**DATA EXTRACT**
--

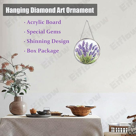 Eiflow Hanging Diamond Art Kit for Adults Lavender, Acrylic Diamonds Painting Board Kit Purple Flower, DIY Gem Art Pendant Ornament
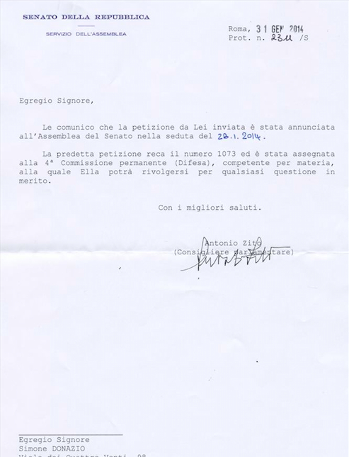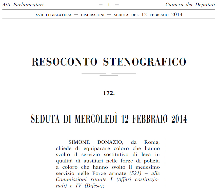 In Data 03-06-2014 è avvenuta la prima discussione del documento da noi redatto che ha portato il parere positivo del Sottosegretario di Stato alla Difesa, di seguito riportiamo il link della “Prima” discussione con il testo integrale della Petizione Presentata da questo Comitato:
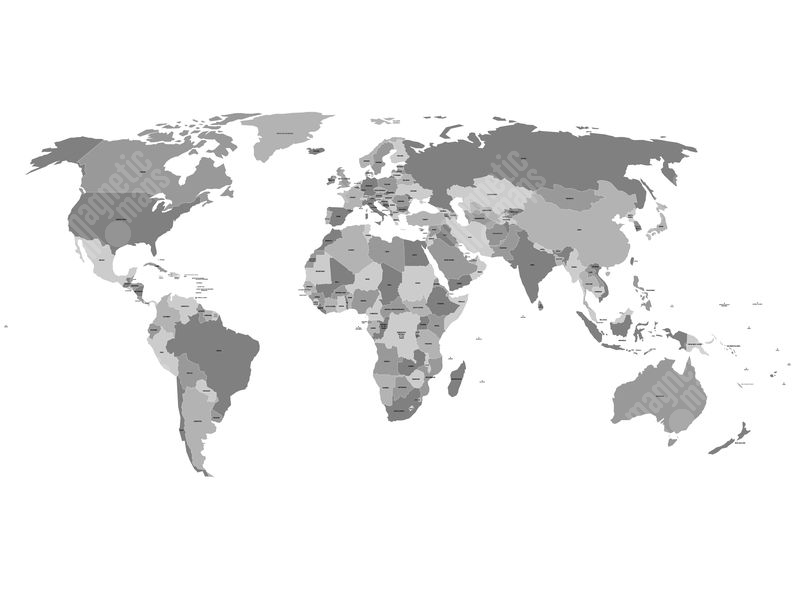 Magnetická mapa sveta, ilustrovaná, šedá

--

Exactly the lines running from the one with "In Data 03-06-2014" through the end of the listing above must be output, both ends included. No pictures belong in the output.

**COMPLETED TASK**
 In Data 03-06-2014 è avvenuta la prima discussione del documento da noi redatto che ha portato il parere positivo del Sottosegretario di Stato alla Difesa, di seguito riportiamo il link della “Prima” discussione con il testo integrale della Petizione Presentata da questo Comitato:
 Magnetická mapa sveta, ilustrovaná, šedá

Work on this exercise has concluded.